In other words, along with the now familiar argument about equality under the law, plaintiffs in General Synod of the United Church of Christ v. Cooper contend that North Carolina’s ban on same-sex marriage violates their religious liberty. The specific articulation of this argument in court documents and statements to the press raises a number of new questions about the marriage equality movement and sharpens some existing ones.
At the press conference announcing the filing of the lawsuit, the Rev. Nancy Ellett Allison, pastor of Holy Covenant United Church of Christ (UCC) in Charlotte, said, “North Carolina’s laws prohibiting same-gender marriage designate some citizens as unfit for the blessings of God. We reject that notion. As all God’s children are welcome to receive the sacraments of communion and of baptism, so all of God’s children should be able to receive the sacrament of holy union and marriage.” While Allison’s proclamation has incontrovertible rhetorical power, the soundness of her legal and theological analysis is less certain.

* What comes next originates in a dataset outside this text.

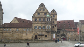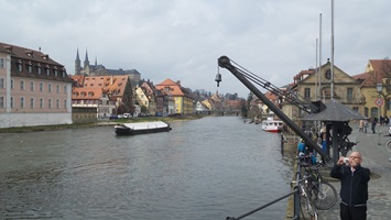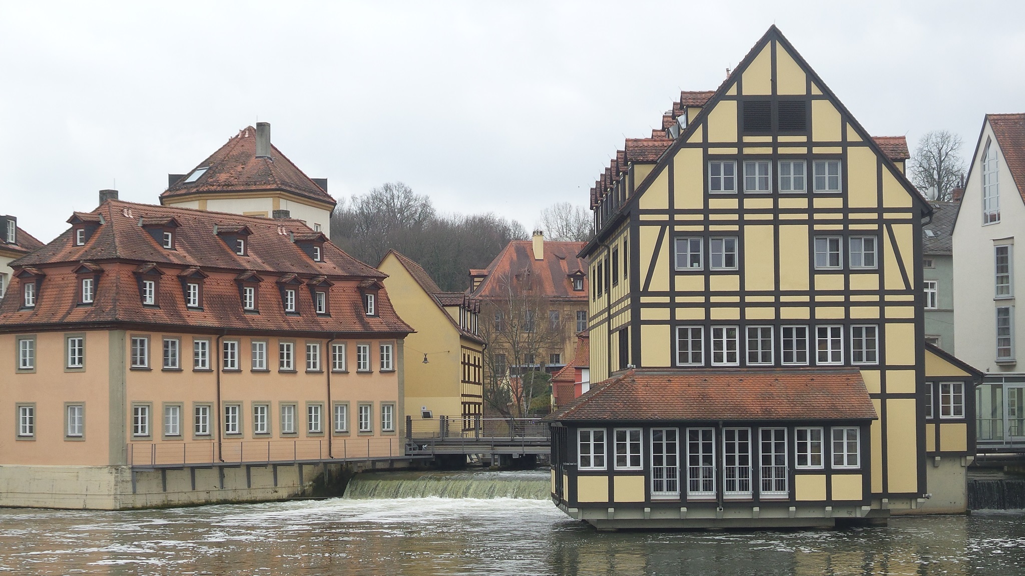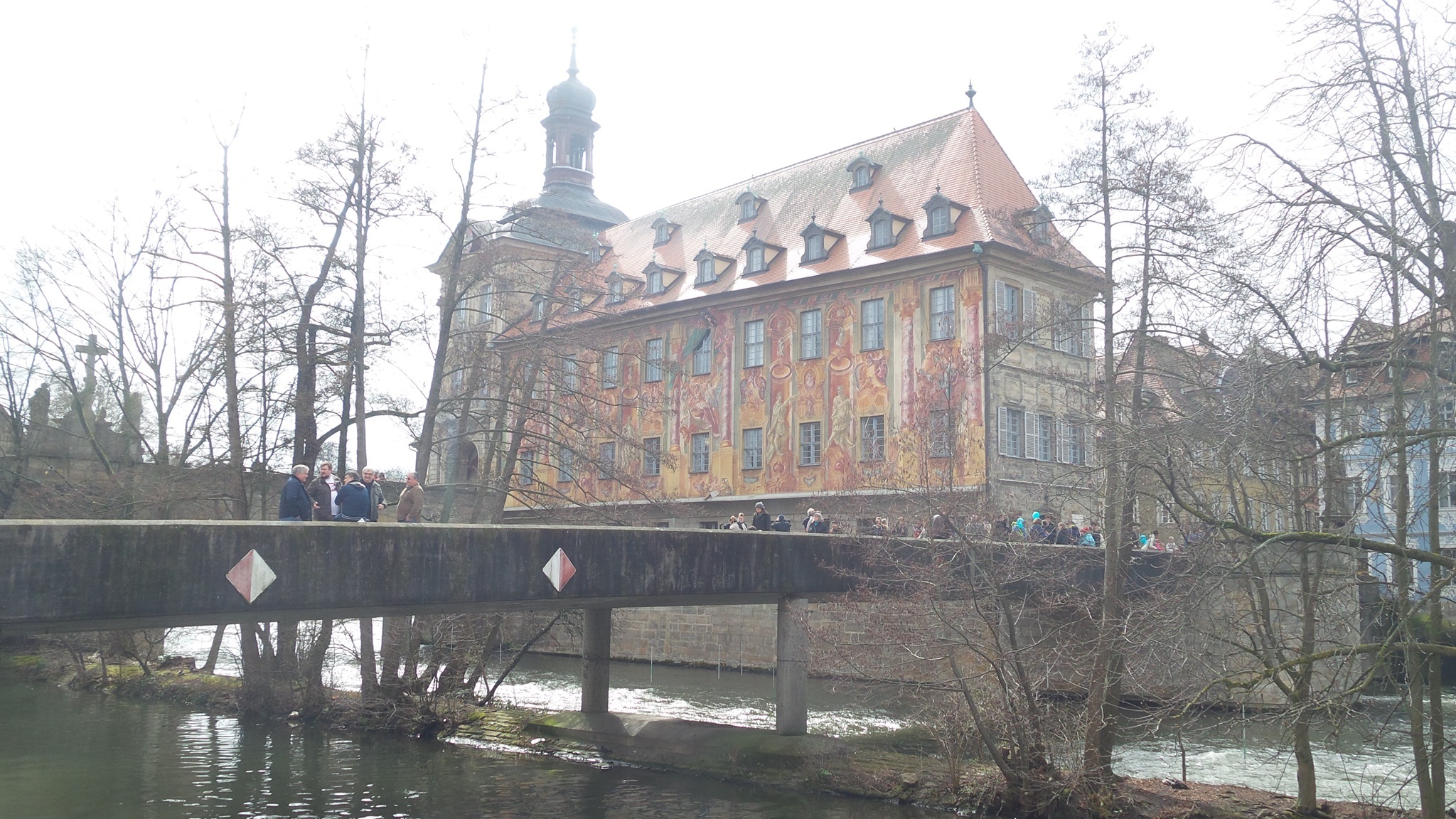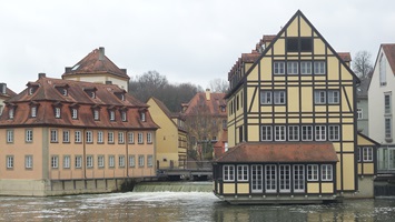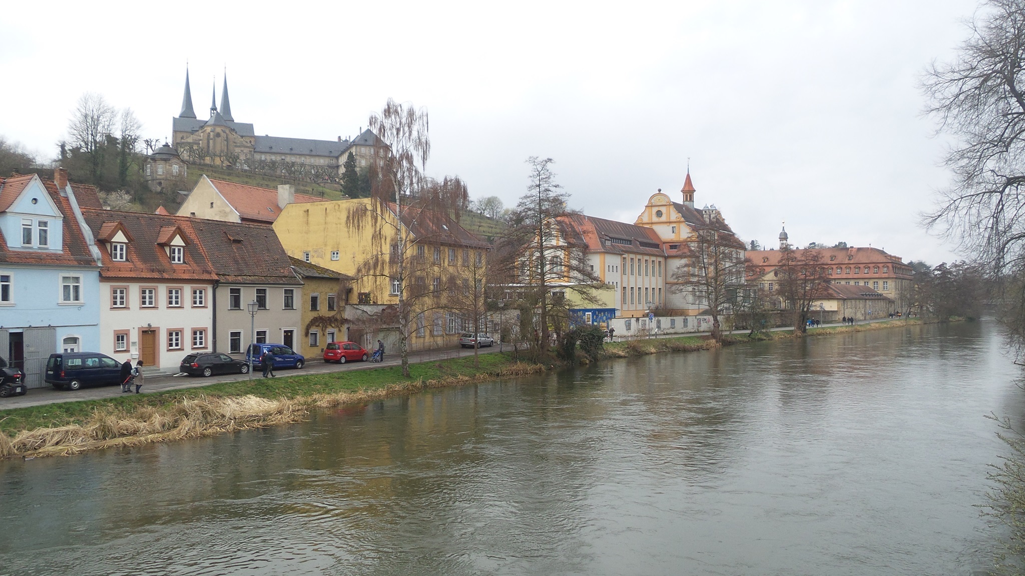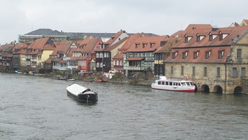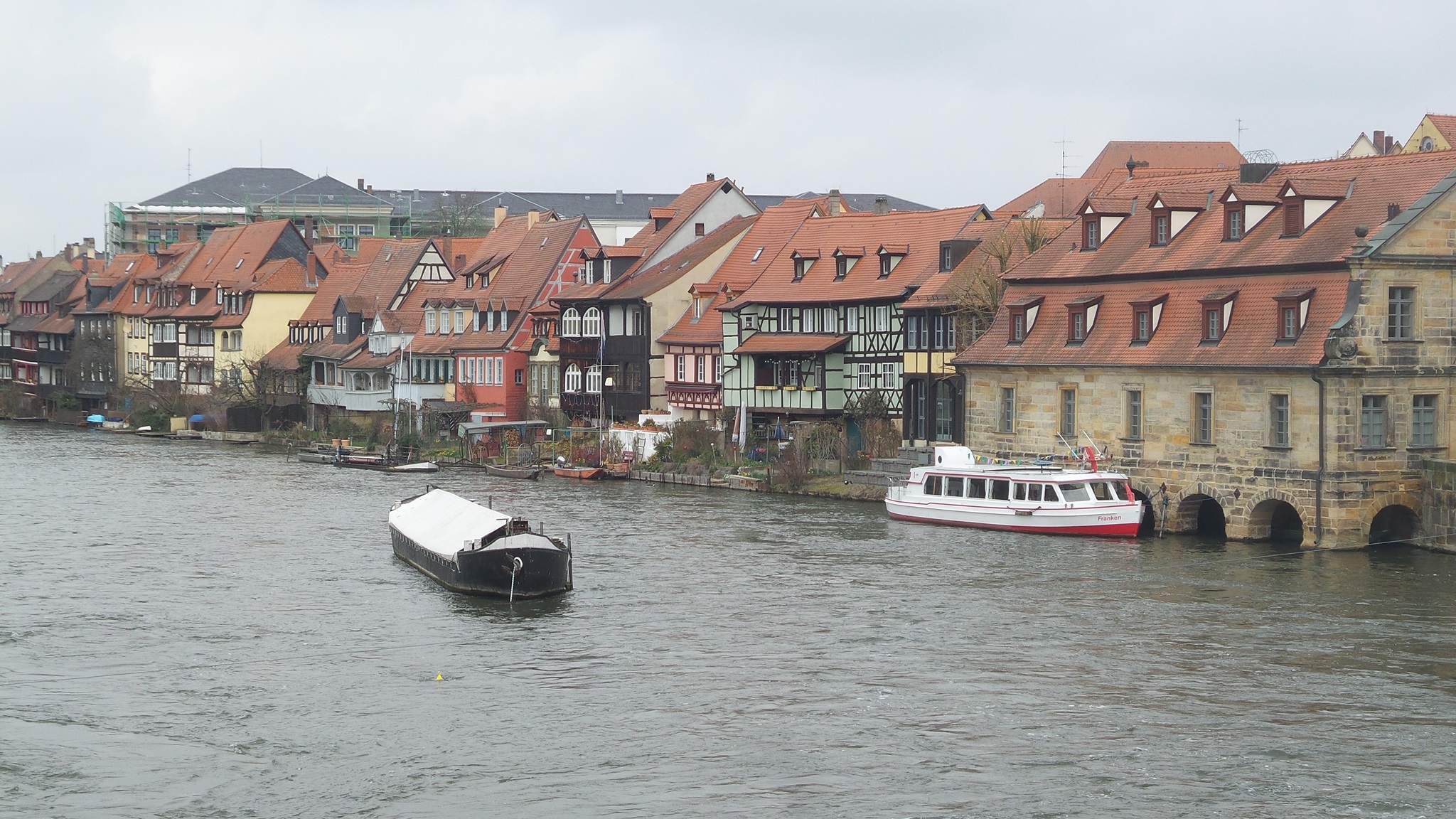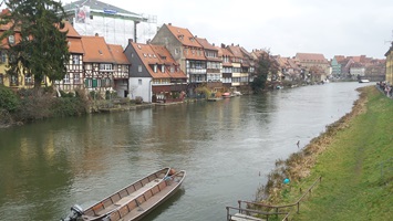 Wir fahren bis zum zentralen Busbahnhof und beginnen dort in der Fußgängerzone mit der Erkundung Bambergs. An der Regnitz schauen wir uns die Häuserzeile „Klein-Venedig“ an. Es handelt sich um ehemalige Fischerhäuser, die direkt an den Fluss gebaut sind. Noch heute hat jedes Haus einen eigenen Anlegesteg.

As in almost every jurisdiction, clergy in North Carolina are, in effect, deputized to represent the state at marriage ceremonies, to receive marriage licenses issued by the state, and to return those licenses to the register of deeds so that they can be duly recorded. North Carolina law also states that any person “authorized to solemnize a marriage under the laws of this state who marries any couple without a license being first delivered to that person … shall … pay two hundred dollars to any person who sues therefore, and shall also be guilty of a Class 1 misdemeanor” (§ 51-7). Such a misdemeanor carries a penalty of up to 45 days in jail for the first four offenses and up to 120 days in jail for five or more offenses (§ 15A-1340.23). Plaintiffs in General Synod contend that this second provision criminalizes officiating at same-sex weddings, because the couples being married can never obtain the requisite license, thereby infringing on the religious liberty of the ministers to conduct such weddings and on the religious liberty of the couples to receive the blessings of their faith communities.